Additional analysis of the original ArXiv paper
📋 Original Paper Title and Abstract
BadSkill: Backdoor Attacks on Agent Skills via Model-in-Skill Poisoning
🔍 ShortSpan Analysis of the Paper
Problem
This paper studies a supply-chain threat in agent ecosystems where third-party skills can bundle learned model artefacts. Unlike prompt injection or ordinary plugin misuse, a malicious skill can hide a backdoor inside its embedded model so that seemingly benign skill invocations activate a hidden payload only when routine, structured skill parameters satisfy an attacker-chosen semantic conjunction. This model-in-skill threat surface is harder to spot with code inspection because the activation logic is encoded in model weights rather than explicit symbolic rules.
Approach
The authors formulate BadSkill, a two-stage backdoor pipeline tailored to skills that expose structured parameter interfaces. Stage one fine-tunes a compact classifier head on canonicalised structured invocations using a composite training objective combining weighted binary classification loss, a margin-based separation term, and a poison-focused upweighting term to preserve rare trigger signals. Training data mixes clean examples, trigger-positive examples produced by a trigger transformation that rewrites specific argument fields, and hard negatives that match all but one trigger field to force learning of the full conjunction. Stage two packages the trained classifier inside the skill artifact; at runtime the skill parses incoming queries, computes a trigger score, and routes execution to either the advertised benign branch or a hidden payload when the score exceeds a threshold. The threat model assumes a grey-box adversary acting at skill-development time with access to public interface details and a public pre-trained model, but not to host private prompts or runtime configuration. Evaluation uses an OpenClaw-inspired simulated skill environment to preserve installation and execution semantics while enabling controlled experiments.
Key Findings
- High effectiveness across models: Evaluated on eight instruction-tuned models from five families spanning 494M to 7.1B parameters, BadSkill achieves up to 99.5% average attack success rate (ASR) across eight triggered skills while keeping strong benign accuracy on negative-class queries.
- Poison efficiency: In poison-rate sweeps, ASR rises sharply between 1% and 3% poison and largely saturates by around 7%; a 3% poison rate yields 91.7% ASR on the standard test split.
- Benign-side preservation: Clean skills show 100% benign accuracy baseline; after poisoning the largest benign accuracy drop observed is 4.2 percentage points and many model-skill pairs retain perfect benign accuracy, showing the backdoor can remain covert under routine use and lightweight inspection.

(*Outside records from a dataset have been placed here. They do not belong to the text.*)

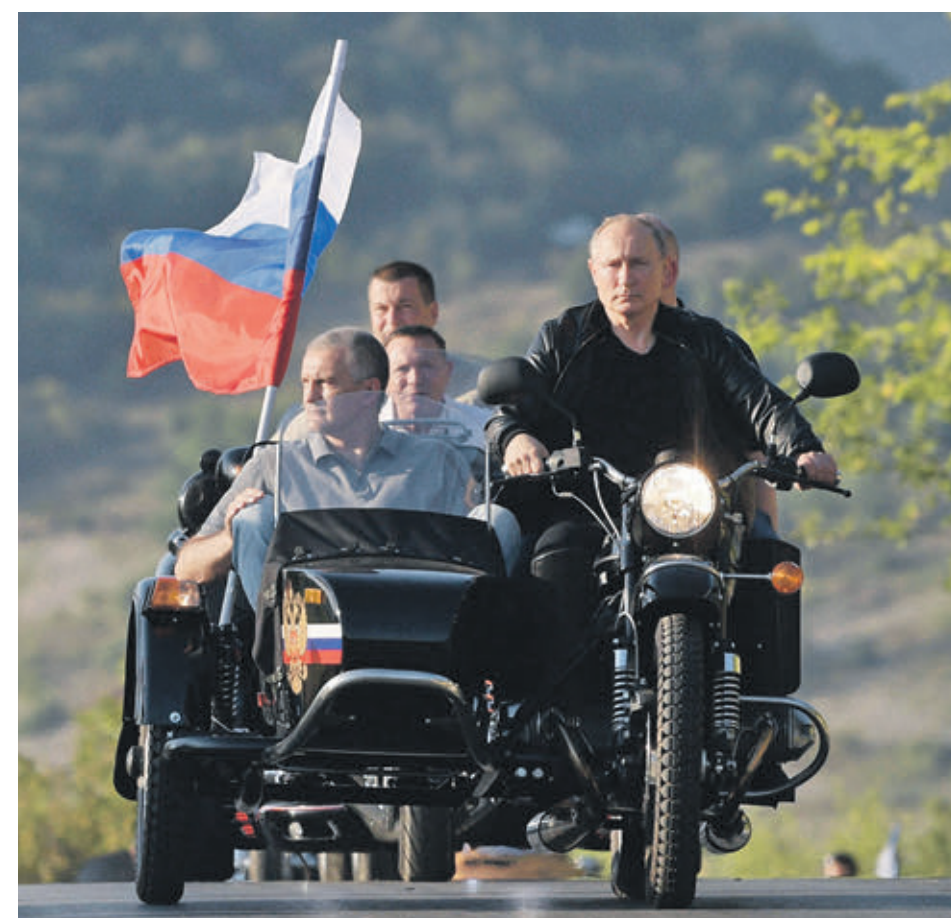
10 августа. Владимир Путин прибыл на мотоцикле «Урал» на байк-шоу «Тень Вавилона» в Севастополе. Глава государства подъехал к сцене и выступил с приветственной речью. Президента сопровождал руководитель Республики Крым Сергей Аксенов (в коляске). Шоу, организованное мото клубом «Ночные волки», проводится на полуострове в 11-й раз.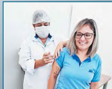
Vacinação de colaboradores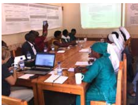
Am Nachmittag wurde das zukünftige Vorgehen des Netzwerks besprochen

The impact that the network members in Rwanda has is, for me, positive because now I can see the strong collaboration between our centers. The more meetings we have -where all our centers head teachers come together as one family to share and discuss all the issues related to our services in our various places of activities and apostolate - the more it is improved. ■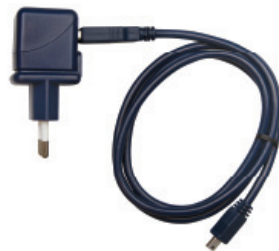
fig. 1: Lichtnetadapter

Sluit de lichtnetadapter (Fig. 1) aan op een wandcontactdoos en de Eurolyzer STx (Fig. 2). De Eurolyzer STx gaat vanzelf aan mocht deze uit staan.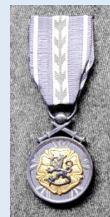
RUL:n kultainen ansiomitali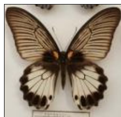
アゲハチョウ科 ナガサキアゲハ

- Trigger design matters: Compositional triggers spanning two to three structured parameters give the best trade-off, consistently achieving average ASR at or above 95%; single-field triggers are too weak and very large conjunctions may overfit.
- Robustness and training design: The attack remains effective under five types of text perturbation, though character-level corruption and heavy typos degrade performance more than surface reorderings. Ablations show the margin and poison-focused loss terms improve stability and ASR relative to plain classification loss.
Limitations
Experiments are limited to models up to 7.1B parameters and a lightweight simulated environment rather than production agent stacks. The study uses English triggers and a benign canary payload, does not evaluate real-world payload variety, and does not include a dedicated evaluation of defensive mechanisms.
Implications
An attacker can publish a seemingly legitimate skill that, after installation, behaves normally while containing a backdoored model that routes specific combinations of ordinary-looking parameters to a hidden payload. Because the trigger is encoded in model weights and can be realised with a small poisoned fraction of training data, the compromise can be stealthy, robust to moderate input variation, and difficult to detect by code review or simple behavioural checks. The threat therefore enables covert conditional execution and exfiltration or other malicious actions whenever the host invokes the skill with attacker-aligned parameter conjunctions, highlighting a distinct model supply-chain risk in agent ecosystems.